2. Now execute the rest of the cells below.  If this throws any errors, or notes any failures, go back and correct your data to be in the proper format.

In [None]:
import random
random.seed(1)
from random import shuffle

def check_file(filename, num_annotators=4):
    num_docs=125*num_annotators
    data=[]
    n_rows=0
    with open(filename, encoding="utf-8") as file:
        for idx, line in enumerate(file):
            cols=line.rstrip().split("\t")
            assert len(cols) == 2, "%s does not have 2 columns" % cols
            assert len(cols[0]) > 0, "ID #%s# in row %s is empty" % (cols[0], idx)
            assert len(cols[1]) > 0, "text #%s# in row %s is empty" % (cols[1], idx)
            n_rows+=1
            data.append((cols[0], cols[1]))

        assert n_rows >= num_docs, "You must have at least %s documents; this file only has %s" % (num_docs, n_rows)

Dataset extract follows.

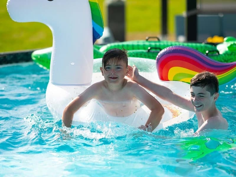 Die Kapazität bei 90 % Füllstand beträgt 27 406 Liter. Der Pool bietet Platz für bis zu 8 Personen. Dieses Modell vereint die Vorteile von Aufstellpools und versenkten Pools: Es ist nicht nur leicht aufzubauen und zu versetzen, sondern zugleich auch robust und stabil.

        print("This file looks to be in the correct format; %s data points" % n_rows)


    shuffle(data)
    data=data[:num_docs]
    annotators={}
    annotator_workload={}
    data_assignments={}

    for i in range(num_annotators):
        annotators[i]=[]

    pairs=[]
    for i in range(num_annotators):
        for j in range(i+1, num_annotators):
            pairs.append((i,j))

    indexes=[]
    for i in range(int(num_docs/len(pairs))):
        for p in pairs:
            indexes.append(p)

    if num_annotators == 4:
        indexes.append(pairs[0])  # 0,1
        indexes.append(pairs[-1]) # 2,3

    data2ann={}

    for datum in data:
        data_idx=datum[0]

        idx = random.choice(indexes)

        annotators[idx[0]].append(datum)
        annotators[idx[1]].append(datum)

        indexes.remove(idx)

        data2ann[data_idx]=idx

    for ann_idx in annotators:
        print("annotator", ann_idx, len(annotators[ann_idx]), "data points to annotate")

    for i in annotators:
        with open("output_annotation_file_%s.txt" % i, "w") as out:
            out.write("ID\tLabel\tText\n")

            for idd, text in annotators[i]:
                out.write("%s\t\t%s\n" % (idd, text))




In [None]:
check_file(path_to_file, num_annotators=4)

This file looks to be in the correct format; 1000 data points
annotator 0 250 data points to annotate
annotator 1 250 data points to annotate
annotator 2 250 data points to annotate
annotator 3 250 data points to annotate


# Output

If the cell above ran successfully, you should find `num_annotators` files in the same directory as this script.  Give one file to each annotator in your group; this is the file you should submit to bCourses (with the label column containing your *individual* annotation for that text following your guidelines).